Surprise? Our ship uses sonar floodlights. I have been in the marine electronics business since I was old enough to carry a toolbox with my father. I checked our charter narter equipment in the morning when I passed the wheelhouse to store my equipment. The equipment is good, the installation looks clean, but I come to fish and relax, not to talk at the store. What I don’t see when I glance at the helmet is a mini keyboard tucked under a smaller monitor on the port side.

Later that day, this discovery was responsible for adding another fish to our total. By the afternoon of the second day, the captain said he wanted to take and make one more step before returning to the dock.

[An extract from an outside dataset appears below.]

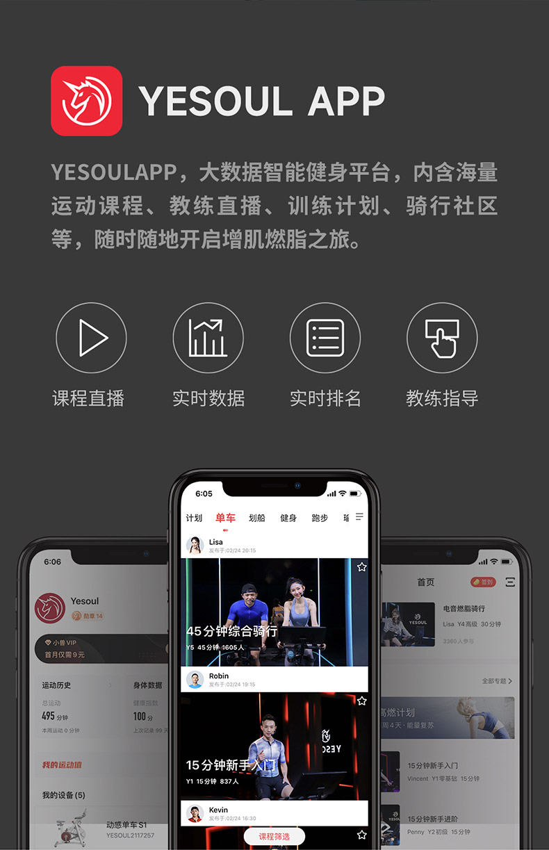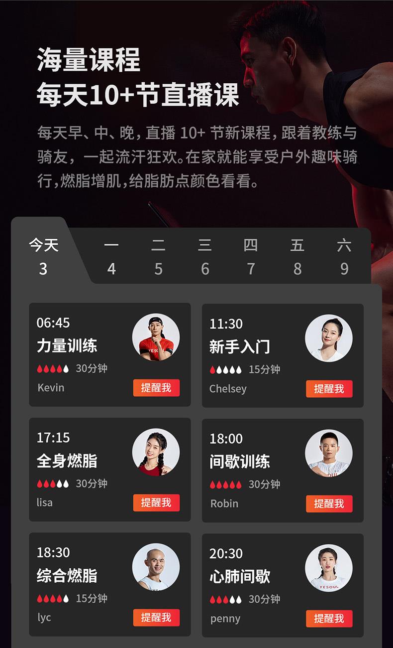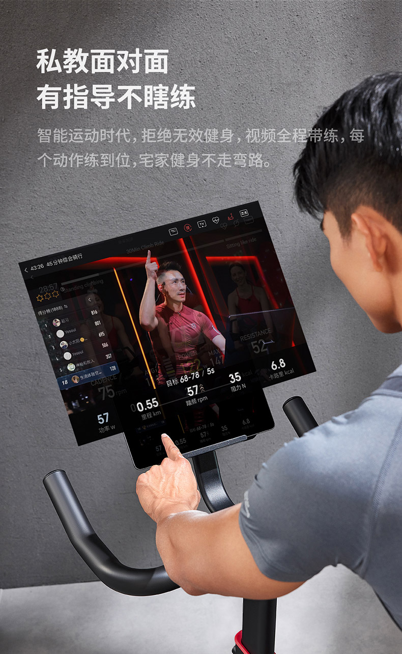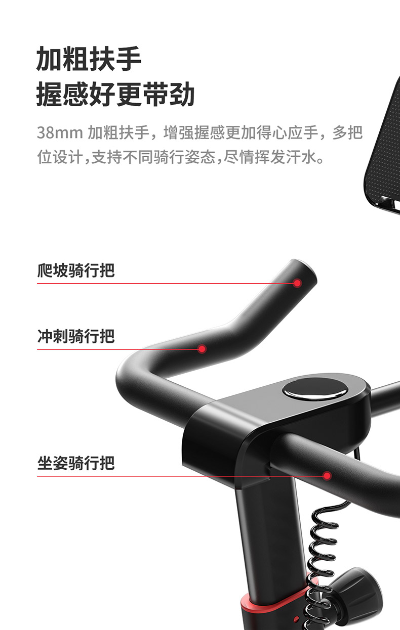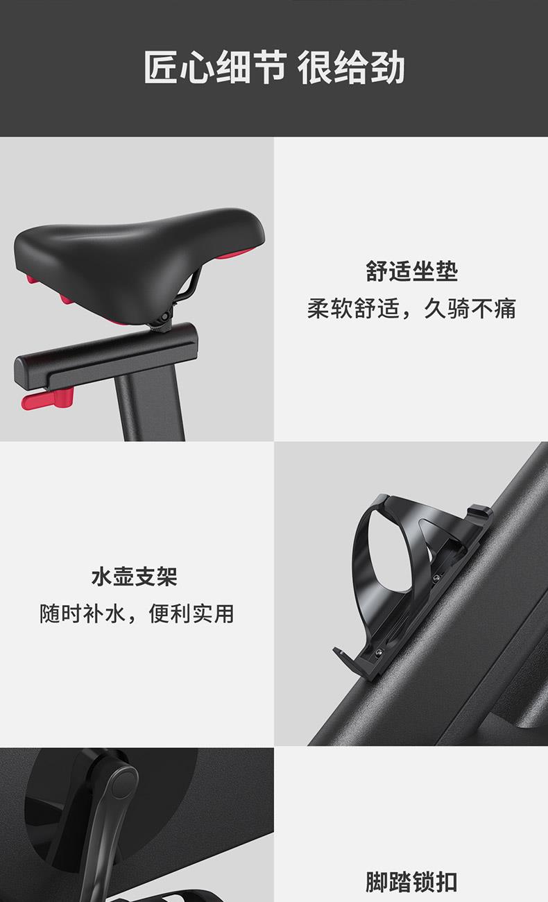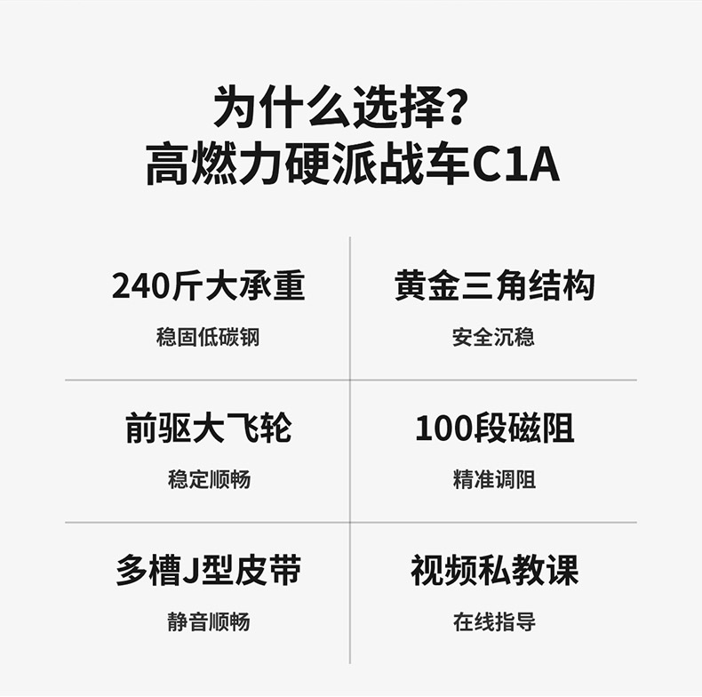 240斤大承重,黄金三角结构 海量直播课程,健身私教带回家 黄金三角结构,安全沉稳 100段磁控阻力和多槽皮带,调控静音骑行 创新惰性设计,防打滑不跑偏,稳定运行 铝制大飞轮,燃脂增肌“助推器”

The couple circled around the line and put the mackerel back in the living well. Just as the ship was about to head for gear, the captain quickly told his partner, “Seven o’clock … 100 feet.” directed. Thirty seconds later we were really fast on a fish. Can’t say I saw who came, but Sonar did.

There is a large measuring tape number painted on the side of the ship, just above the boot line. When a fish comes together, the captain takes the leader and pulls the fish’s head towards the bow while the pair uses a modified boat hook to lift and control the tail. The aim is to put the fish next to the ship for length measurement, insertion of tags, photos and for the fish to be revived when the boat returns to gear. My biggest fish is 112 inches, which translates to around 800 pounds, according to a Canadian fishery length / weight ratio chart. This fish is well-fed and round. For the captain’s eye, it might be weighed in the middle 800-pound range. It took about two minutes to revive the giant. As soon as the fish’s tail began to beat, I grabbed the captain’s instructions and cut off the leader.

Anything for a Buck is a 45-foot Down East working boat built by Hustler Fiberglass Boats, a local company. It is powered by a Cummins diesel which drives it in the 20 to 22-node range. Our captain, Tony MacDonald, operates a fleet of six chartered ships during the blue fin season. Our partner is a young island who is very competent. Captain Buck runs charters in the season and works as a volunteer firefighter at the end of the season. He is personable, capable, and always in control. He never once raised his voice. And he and his partner work hard for us. There were three of us on board, but we could easily handle six. Anything to Buck is not clean, new fishing gear and in very good repair. The charter fee is $ 1,250 a day, including lobster salad sandwiches for lunch and fresh salted scallops for snacks. I take one full bowl. That is cradle-to-grave treatment.

There aren’t many inns in this area. We stayed at the Johnson Shore Inn, a 12 room B&B, for $ 160 per night ($ 195 with a three course gourmet dinner), which is located about 20 minutes from the marina. The innkeepers, Mel Stephens and Dave Dixon, run first-class operations, with views of the water that rival Nantucket. Dave woke up before 5:30 every morning, brewed us coffee and cooked a delicious breakfast. When we returned at 5 pm, we were given the main cocktail, celebrating the success of our day. Late at night, after the finer inn guest went to bed, Mel would open a bottle of his personal spare whiskey, slap her on the end table and say, “Tell me about yourself, son.” -earth. For more information:, (902) 357-2207.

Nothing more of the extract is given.